What’s amazing to me is that, as fat as I was (160 lbs on a five-foot frame), I never thought that this was unhealthy. I would always come back down to about 135 or so after a pregnancy, and nobody even seemed to think of me as fat, so I wasn’t concerned. I ate what the Food Pyramid guidelines said to, and didn’t have any diagnosable eating disorders, so I thought I was doing ok.

I felt awful, my thyroid disease kept getting worse, and I couldn’t lose that last thirty pounds, but the culture around me, the doctors I saw, and the mainstream nutritional advice all said I was doing everything right, and this is just the way I have to be. Must be genetic. Everyone who has been healed by a ketogenic way of eating will surely join me in saying “Thank God for Gary Taubes!” His work started me off on a journey to health by turning my food-view–and my food pyramid–upside down.

Our Thanksgiving meal today will be fairly traditional. I will certainly include some whole food carbohydrates. I’m even going to put some little marshmallows on the sweet potato casserole. Since the kids never get to eat that stuff, it will be a treat. There will be no industrial seed oils. The “potatoes” will be made of cauliflower, and you almost wouldn’t know it. The cranberry sauce and desserts will be sugar-free.

A friend asked me yesterday if I wouldn’t have some of my favorite foods, like stuffing, just for the holiday. In my current state of health, I could certainly “get away” with eating any amount of carbs I want for just this one day, or for several days, honestly. On the rare occasion that I do eat carbs, my body clears the glucose very quickly and comfortably. My Hashimodos probably won’t flare up as long as I avoid gluten and dairy. Still, I probably won’t eat anything but meat today. Cranberry sauce and my safer version of pumpkin pie are a distinct possibility. Habit is, as Charlotte Mason homeschoolers know, a very powerful thing, so I will probably behave myself very well, even in the presence of all that temptation. The longer I go without carbs, the less drawn to them I am.

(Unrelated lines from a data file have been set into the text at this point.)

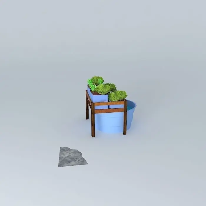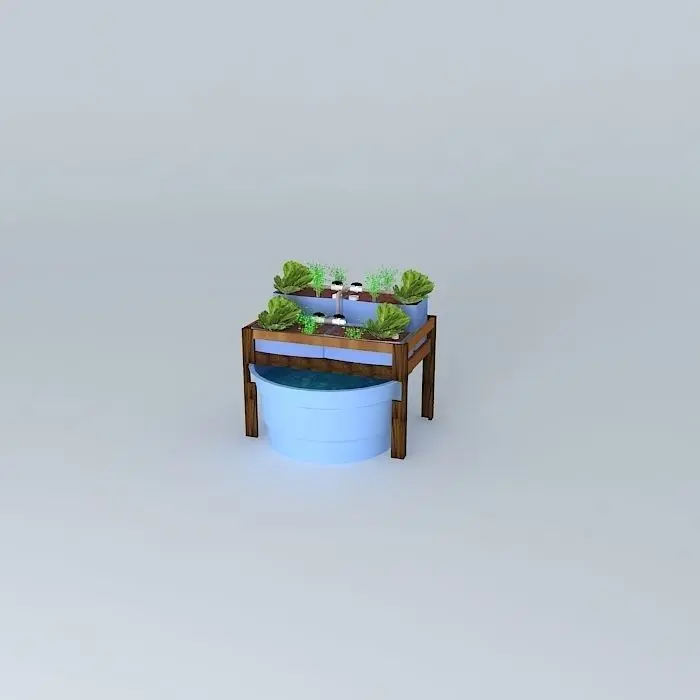 This 3D model was originally created with Sketchup 13 and then converted to all other 3D formats. Native format is .skp 3dsmax scene is 3ds Max 2016 version, rendered with Vray 3.00 System 1 consists of reservoir 500 for fish l, 2 drums 50 l, 2 bombona halves 50 liters with a 2000 l / h pump. This is a basic system, a system really for beginners. One can add filter solids, biological filter, but in the beginning is not really necessary. The design of the tank is 500 l, but can be easily replaced by a 250 l in which one could easily reach 10 kg fish. Biological filtration to give the substrate cultivation beds, and filtering the solids well. With time the solids will accumulate in substrate cultivation beds, but can be removed only with a washing of this substrate. The ratio of the material and the necessary parts can be found at the link below.
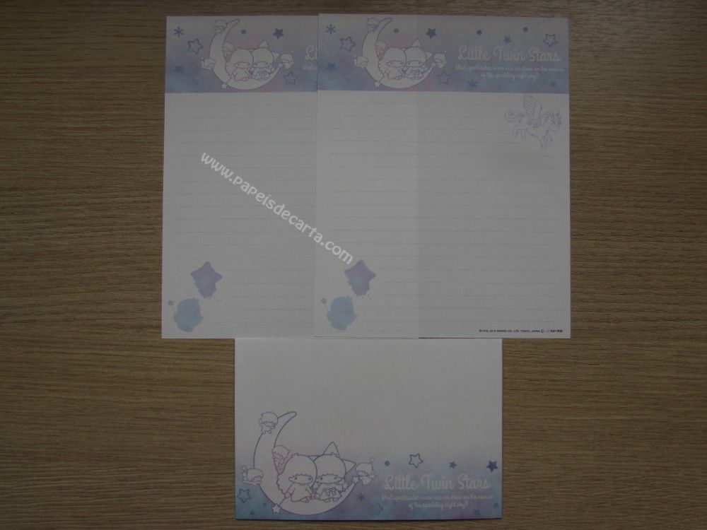 Conjunto importado de papel de carta dos Little Twin Stars, com 2 folhas iguais e 1 envelope. Tamanho médio. Fabricante: Sanrio.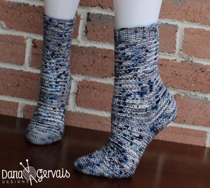This sock is worked cuff down with a reverse stockinette short row heel, princess sole and reverse stockinette toe. This sock has the added feature of being reversible - 2 pairs of socks in 1!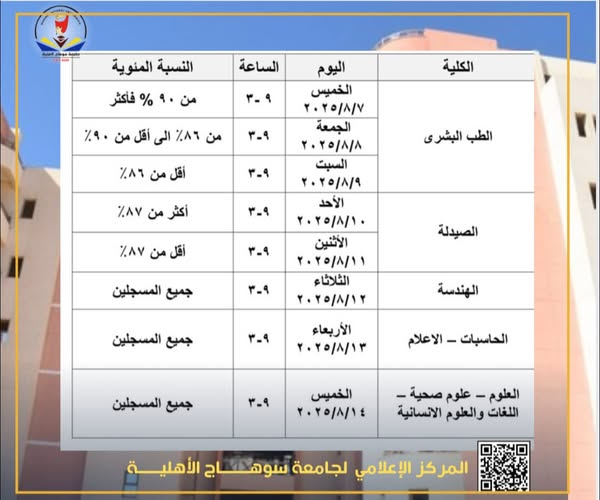 تعلن جامعة سوهاج الأهلية عن استقبال الطلاب لسحب الملف الورقي من مقر الجامعة الاهليه طبقاً للجدول الاتي: تصفّح المقالات رئيس جامعة سوهاج يهنئ مؤسسه الأهرام على مرور ١٥٠ عام من العمل الصحفى الرائدمتابعة امتحان ميد ترم طب اسنان سوهاج 2025-2026 اترك تعليقاً إلغاء الردلن يتم نشر عنوان بريدك الإلكتروني. الحقول الإلزامية مشار إليها بـ *التعليق * الاسم * البريد الإلكتروني * الموقع الإلكتروني احفظ اسمي، بريدي الإلكتروني، والموقع الإلكتروني في هذا المتصفح لاستخدامها المرة المقبلة في تعليقي.

And that brings me to my real point here. A holiday meal is supposed to be a special, once-or-twice a year blowout. It’s not supposed to be just a bigger meal of all the kinds of foods you eat pretty much anytime you want to anyway. I’m going to make sure my family enjoys some crazy-delicious food. We’re going to have dessert with whipped cream and wine. We’re going to thank God for the bounty of the year, and pray His mercy on the next one. We’re going to do all of that with no guilt whatsoever!

But then we’re going to go right back to our daily, boring (to the average palate) low-carb, satiating, whole foods.

How about you, Reader? Have you found a way of eating that’s different from the SAD diet? Maybe you were raised already knowing this stuff. What’s eating like on a regular day for your family?